Debates about the benefits and harms of mammography continue despite the accumulation of evidence. We sought to quantify the disagreement across systematic reviews of mammography and determine whether author or design characteristics were associated with conclusions that were favourable to the use of mammography for routine breast cancer screening.
We identified systematic reviews of mammography published between January 2000 and November 2015, and extracted information about the selection of evidence, age groups, the use of meta-analysis, and authors' professions and financial competing interest disclosures. Conclusions about specific age groups were graded as favourable if they stated that there were meaningful benefits, that benefits of mammography outweighed harms, or that harms were inconsequential. The main outcome measures were the proportions of favourable conclusions relative to review design and author characteristics.
From 59 conclusions identified in 50 reviews, 42% (25/59) were graded as favourable by two investigators. Among the conclusions produced by clinicians, 63% (12/19) were graded as favourable compared to 32% (13/40) from other authors. In the 50-69 age group where the largest proportion of systematic reviews were focused, conclusions drawn by authors without financial competing interests (odds ratio 0.06; 95% CI 0.07-0.56) and non-clinicians (odds ratio 0.11; 95% CI 0.01-0.84) were less likely to be graded as favourable. There was no trend in the proportion of favourable conclusions over the period, and we found no significant association between review design characteristics and favourable conclusions.
Differences in the conclusions of systematic reviews of the evidence for mammography have persisted for 15 years. We found no strong evidence that design characteristics were associated with greater support for the benefits of mammography in routine breast cancer screening. Instead, the results suggested that the specific expertise and competing interests of the authors influenced the conclusions of systematic reviews.
尽管已有大量证据积累,但关于乳腺钼靶检查利弊的争论仍在继续。我们试图量化乳腺钼靶检查系统评价之间的分歧,并确定作者或设计特征是否与支持将乳腺钼靶检查用于常规乳腺癌筛查的结论相关。

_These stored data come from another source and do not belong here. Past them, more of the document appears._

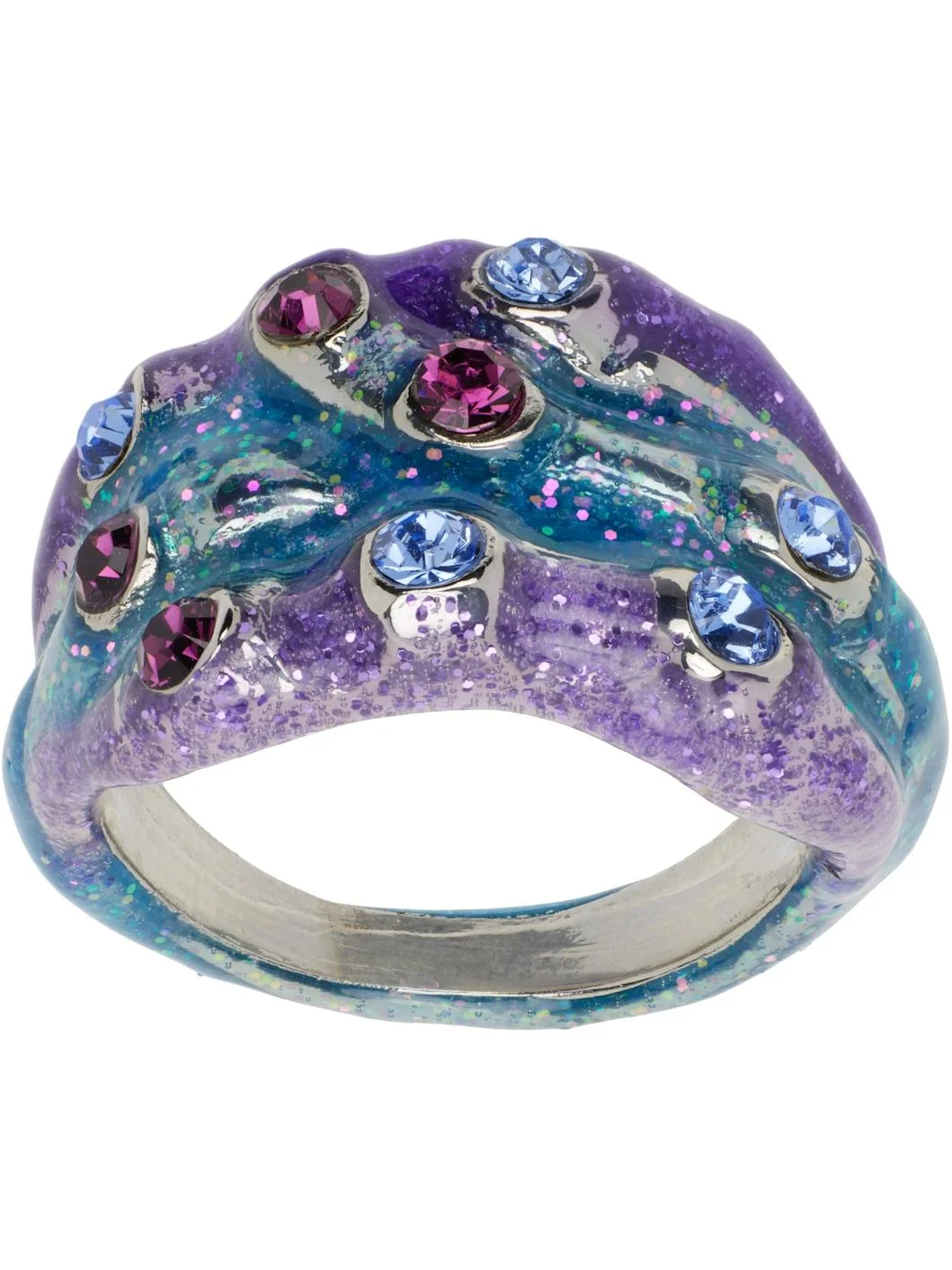 Hand-enameled tiered recycled pewter ring in blue and purple. Deadstock Swarovski crystals at face. Supplier color: Periwinkle glitter Recycled pewter, enamel, crystal. Made in United States 252236F024003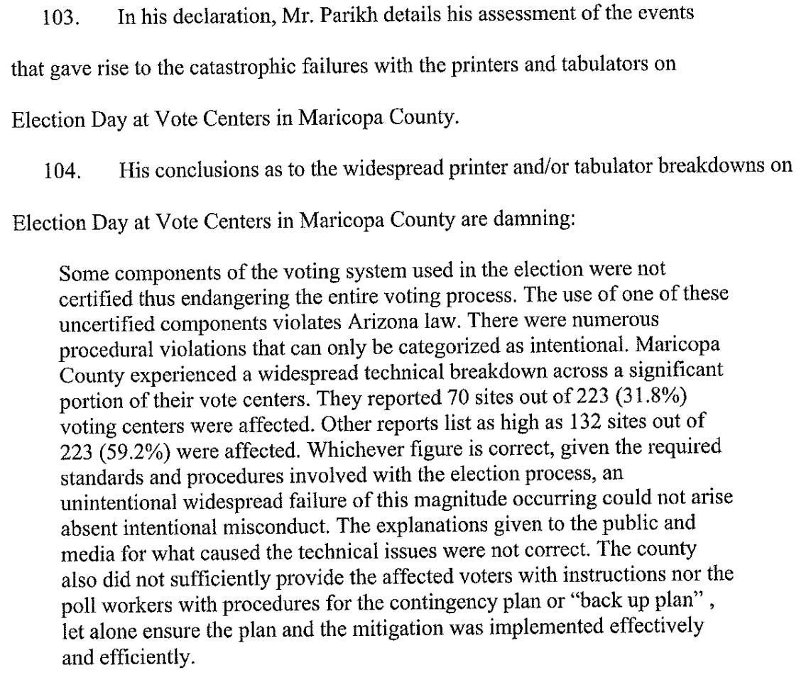 As I wrote in my article outlining Kari Lake’s lawsuit last week, polling expert Richard Baris also has sworn testimony attesting to the impact of Republican disenfranchisement on the final tallies. It appears that the burden for this count will be on proving misconduct on behalf of Maricopa County election administrators and evidence of a pre-meditated plan to destroy the integrity of the election.
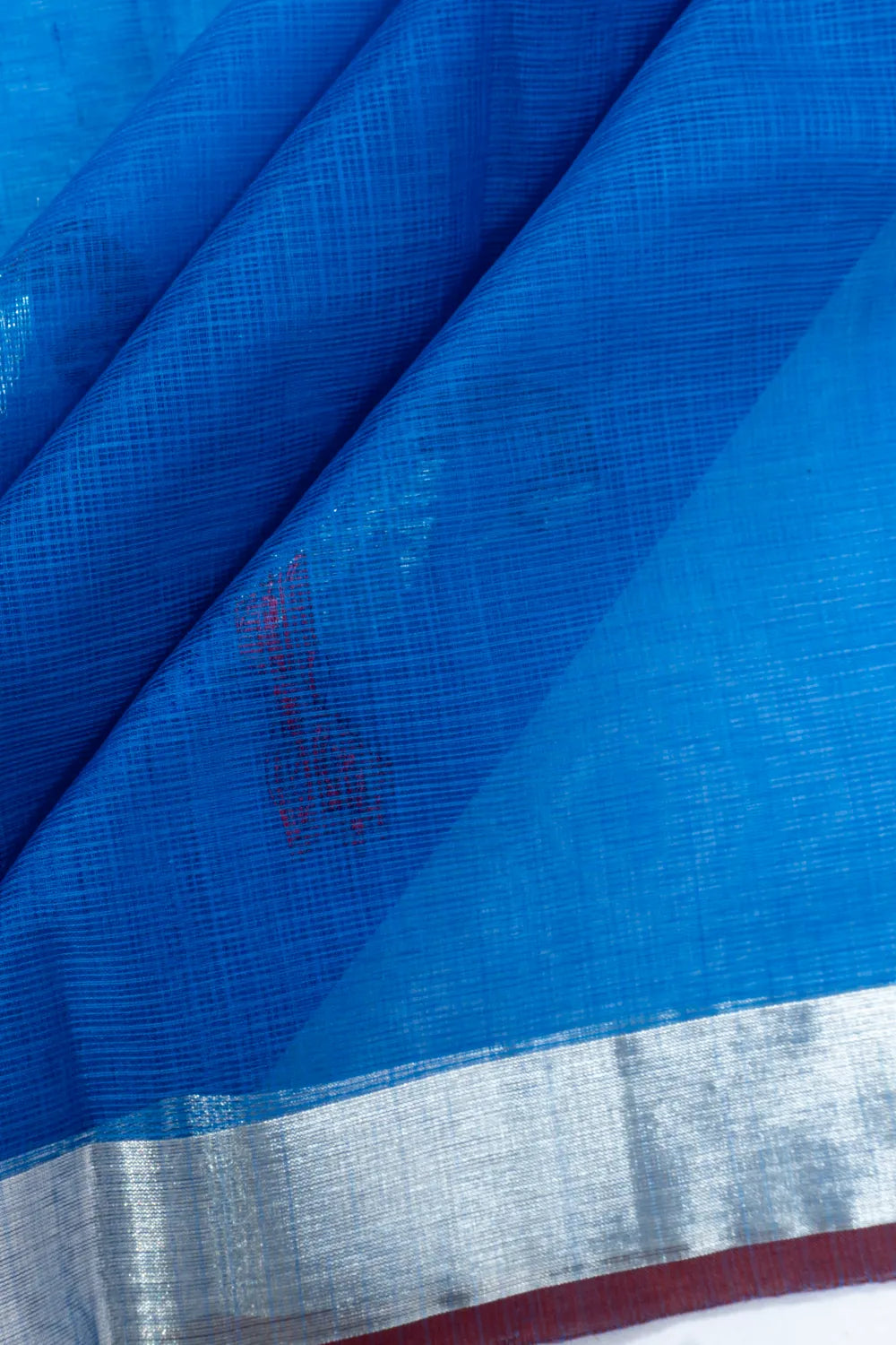 Defined by a self silver zari kaddi small border with a rich maroon edge, adding a stately contrast.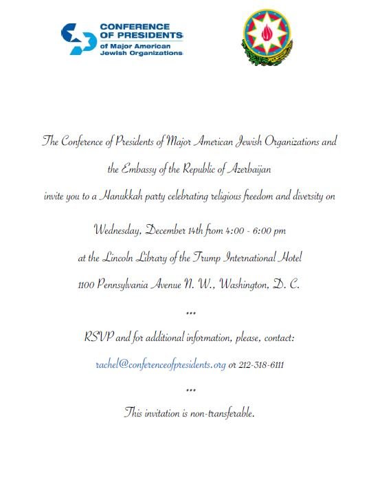 U.S. Jewish group, Azeri embassy to co-host Hanukkah party at Trump's hotel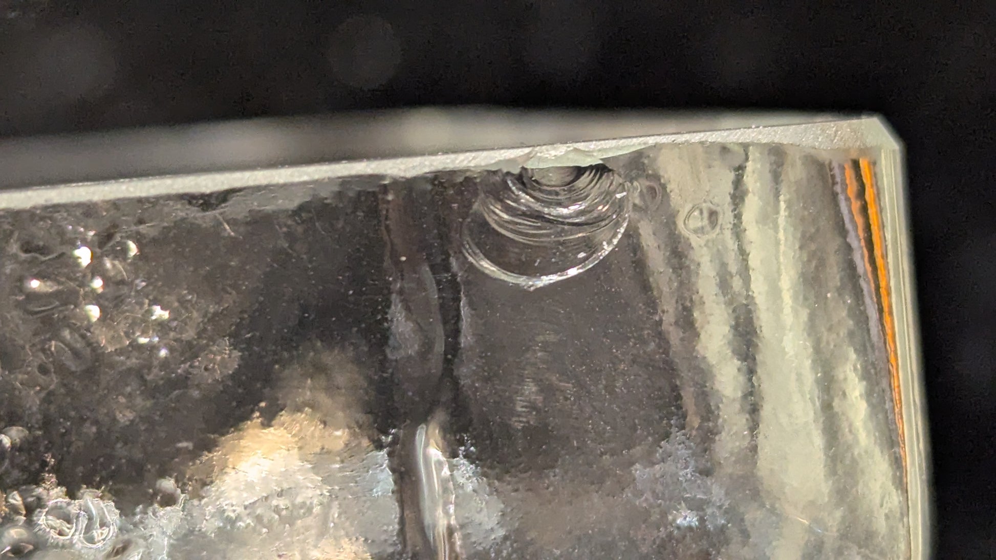 Riihimäen tarra paikalla. Tosin siitä teksti ja kuva kulunut pois. Ei halkeamia tai naarmuja mutta yhdellä sivulla 5mm iskemä, mikä näkyy viimeisessä kuvassa.

我们检索了2000年1月至2015年11月期间发表的乳腺钼靶检查系统评价,并提取了有关证据选择、年龄组、荟萃分析的使用以及作者职业和财务利益冲突披露的信息。如果关于特定年龄组的结论表明存在有意义的益处、乳腺钼靶检查的益处大于危害或危害无关紧要,则将其评为有利。主要结局指标是相对于评价设计和作者特征的有利结论比例。
在50项评价中确定的59条结论中,两名研究者将42%(25/59)评为有利。在临床医生得出的结论中,63%(12/19)被评为有利,而其他作者得出的结论中这一比例为32%(13/40)。在系统评价最为集中的50 - 69岁年龄组中,无财务利益冲突的作者(优势比0.06;95%置信区间0.07 - 0.56)和非临床医生(优势比0.11;95%置信区间0.01 - 0.84)得出的结论被评为有利的可能性较小。在此期间,有利结论的比例没有趋势,并且我们发现评价设计特征与有利结论之间没有显著关联。
乳腺钼靶检查证据的系统评价结论差异持续了15年。我们没有发现有力证据表明设计特征与在常规乳腺癌筛查中更支持乳腺钼靶检查的益处相关。相反,结果表明作者的特定专业知识和利益冲突影响了系统评价的结论。